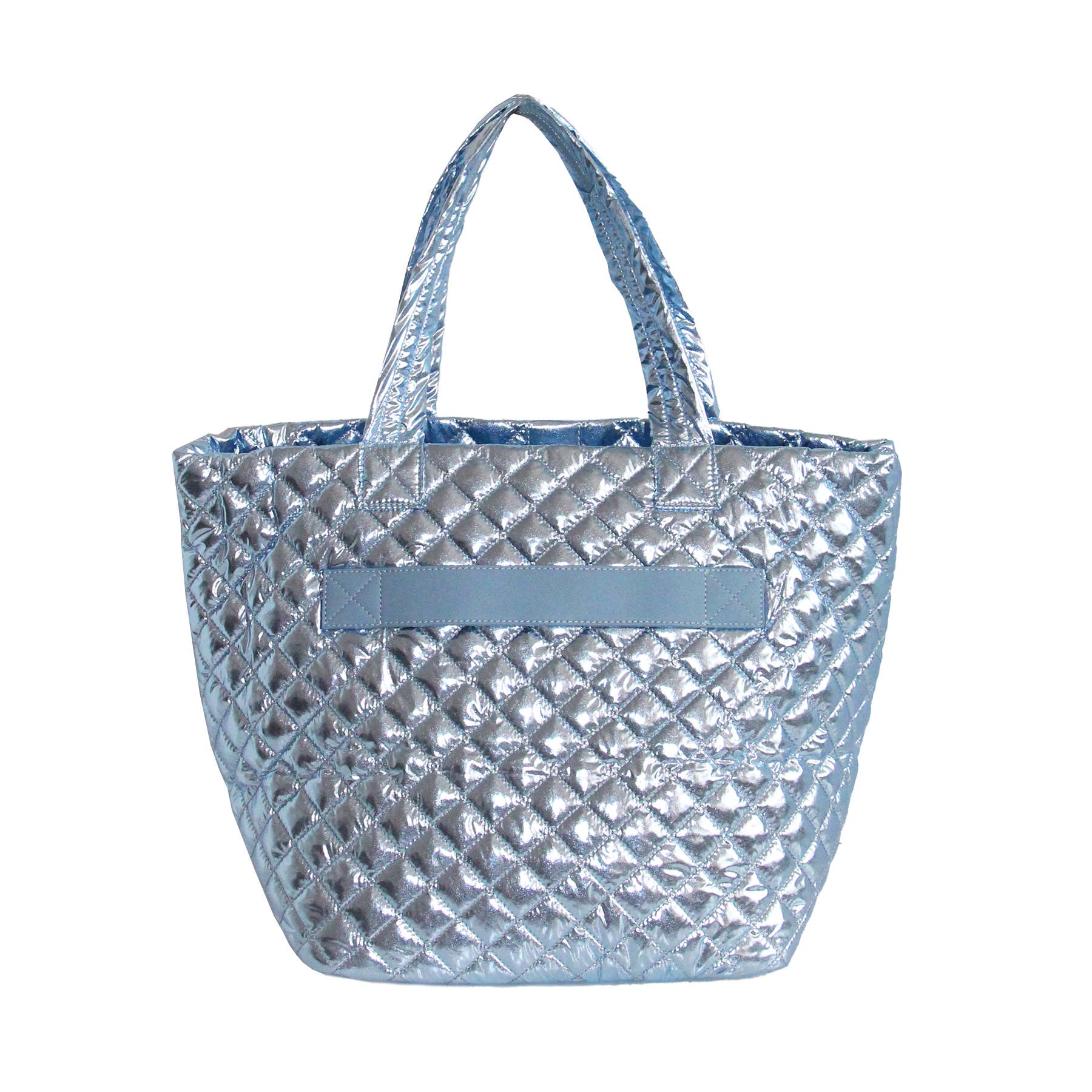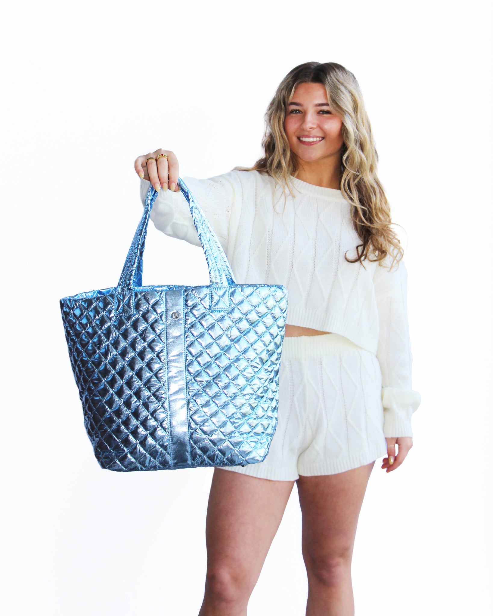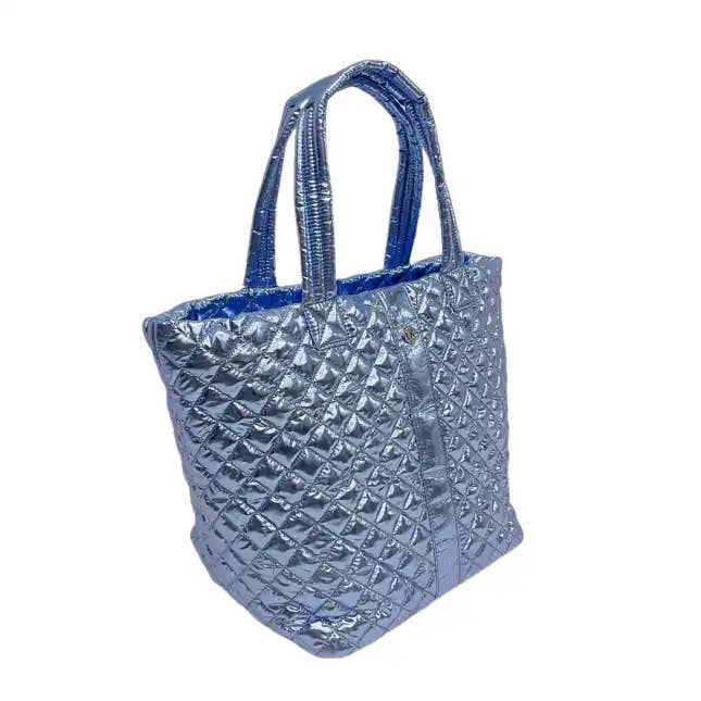 The Debra Diamond Quilted Nylon Tote Bag Ice Blue
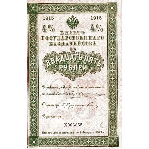 Положеніе о разрядѣ (серіи) билетовъ Государственнаго Казначейства за № CDLI (451). 1) Разрярдъ (серія) билетовъ Государственнаго Казначейства за № CDLI (451) на 25 милліоновъ рублей выпускается на четырехлѣтній срокъ. 2) Достоинство сихъ билетовъ опердѣляется въ 25 рублей, а размѣръ ежегоднаго дохода въ 4%. Доходъ уплачиваетея пополугодно, 1 Февраля и 1 Августа. Теченіе процентовъ по билетамъ начинается съ 1 Февраля 1915 г. 3) Доходъ отъ сихъ билетовъ Государственнаго Казначейства не подлежитъ сбору съ доходовъ отъ денежныхъ капиталовъ. 4) Форма билетовъ утверждается Министромъ Финансовъ. 5) Ногашеніе билетовъ пронзводится въ теценіе четырехъ лѣтъ со времени выпуска, послѣ чего билеты эти могутъ быть обмѣнены на новые. 6) Уплата процентовъ по билетамъ сего разряда производится во всѣхъ Казначействахъ и въ Конторахъ и Отдѣленіяхъ Госу- дарственнаго Банка предъявителямъ купоновъ за истекшія полугодія. 7) Вилеты Государственнаго Казначейства принимаются во всѣ платежи Государственному Казначейству и Государствен- ному Ванку, а также въ закоги по казеннымъ подрядамъ и поставкамъ и, вообще, по всѣмъ обязательствамъ съ казною—по нарицательной цѣнѣ. 8) При платежахъ билетами Казначействамъ и Государствен- ному Банку процецты по текущимъ купонамъ начиеляются до дня платежа; на этомъ же основаніи производятся эачеты и при продажѣ билетовъ Государственнымъ Банкомъ и Казначей- ствами частнымъ лицамъ и казеннымъ мѣстамъ, а сіи послѣднія по взаимнымъ расчетамъ дѣлаютъ зачеты тѣмъ же порядкомъ. Примѣчаніе. Способъ расчета между Государственнымъ Банкомъ и Государственнымъ Казначействомъ по билетамъ, принятымъ Государственнымъ Банкомъ, устанавливается Мини- стромъ финансовъ. 9) Къ платежу въ Казначействахъ и учрежденіяхъ Государ- ственнаго Банка билеты принимаются въ тѣхъ только скучаяхъ, когда они имѣютъ при себѣ всѣ купоны, сроки оплаты которыхъ еще не наступили, и когда платежная сумма не менѣе суммы билета съ наросшими процентами. 10) Билет сохраняютъ платежную силу въ продолженіе 10 лѣтъ послѣ истеченія четырехлѣтія, на которое они выпущены, а купоны этихъ билетовъ въ продолженіе 10 дѣтъ со дня, назначеннаго для ихъ оплаты. По истеченіи же указанныхъ 10-дѣтнихъ сроковъ не представленные къ платежу билеты и купоны признаются недѣйствительными. Процеты начисляются съ 1 Февраля тысяча девятьсотъ пятнадцатаго года. СЕРІЯ CDLI (ЧЕТЫРЕСТА ШЕСТЬДЕСЯТЪ ТРЕТЬЯ). |
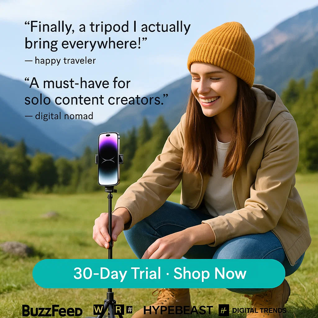 - 3-in-1 Tripod System – Combines a phone tripod, selfie stick, and handheld grip into one ultra-compact design. Perfect for stable shots, selfies, and on-the-go filming.
★ ★ ★ ★ ★ ★ ★
Your objective
The result should be the material above, unchanged and free of pictures; please print it.

Reply
 The Debra Diamond Quilted Nylon Tote Bag Ice Blue
 Положеніе о разрядѣ (серіи) билетовъ Государственнаго Казначейства за № CDLI (451). 1) Разрярдъ (серія) билетовъ Государственнаго Казначейства за № CDLI (451) на 25 милліоновъ рублей выпускается на четырехлѣтній срокъ. 2) Достоинство сихъ билетовъ опердѣляется въ 25 рублей, а размѣръ ежегоднаго дохода въ 4%. Доходъ уплачиваетея пополугодно, 1 Февраля и 1 Августа. Теченіе процентовъ по билетамъ начинается съ 1 Февраля 1915 г. 3) Доходъ отъ сихъ билетовъ Государственнаго Казначейства не подлежитъ сбору съ доходовъ отъ денежныхъ капиталовъ. 4) Форма билетовъ утверждается Министромъ Финансовъ. 5) Ногашеніе билетовъ пронзводится въ теценіе четырехъ лѣтъ со времени выпуска, послѣ чего билеты эти могутъ быть обмѣнены на новые. 6) Уплата процентовъ по билетамъ сего разряда производится во всѣхъ Казначействахъ и въ Конторахъ и Отдѣленіяхъ Госу- дарственнаго Банка предъявителямъ купоновъ за истекшія полугодія. 7) Вилеты Государственнаго Казначейства принимаются во всѣ платежи Государственному Казначейству и Государствен- ному Ванку, а также въ закоги по казеннымъ подрядамъ и поставкамъ и, вообще, по всѣмъ обязательствамъ съ казною—по нарицательной цѣнѣ. 8) При платежахъ билетами Казначействамъ и Государствен- ному Банку процецты по текущимъ купонамъ начиеляются до дня платежа; на этомъ же основаніи производятся эачеты и при продажѣ билетовъ Государственнымъ Банкомъ и Казначей- ствами частнымъ лицамъ и казеннымъ мѣстамъ, а сіи послѣднія по взаимнымъ расчетамъ дѣлаютъ зачеты тѣмъ же порядкомъ. Примѣчаніе. Способъ расчета между Государственнымъ Банкомъ и Государственнымъ Казначействомъ по билетамъ, принятымъ Государственнымъ Банкомъ, устанавливается Мини- стромъ финансовъ. 9) Къ платежу въ Казначействахъ и учрежденіяхъ Государ- ственнаго Банка билеты принимаются въ тѣхъ только скучаяхъ, когда они имѣютъ при себѣ всѣ купоны, сроки оплаты которыхъ еще не наступили, и когда платежная сумма не менѣе суммы билета съ наросшими процентами. 10) Билет сохраняютъ платежную силу въ продолженіе 10 лѣтъ послѣ истеченія четырехлѣтія, на которое они выпущены, а купоны этихъ билетовъ въ продолженіе 10 дѣтъ со дня, назначеннаго для ихъ оплаты. По истеченіи же указанныхъ 10-дѣтнихъ сроковъ не представленные къ платежу билеты и купоны признаются недѣйствительными. Процеты начисляются съ 1 Февраля тысяча девятьсотъ пятнадцатаго года. СЕРІЯ CDLI (ЧЕТЫРЕСТА ШЕСТЬДЕСЯТЪ ТРЕТЬЯ). |
 - 3-in-1 Tripod System – Combines a phone tripod, selfie stick, and handheld grip into one ultra-compact design. Perfect for stable shots, selfies, and on-the-go filming.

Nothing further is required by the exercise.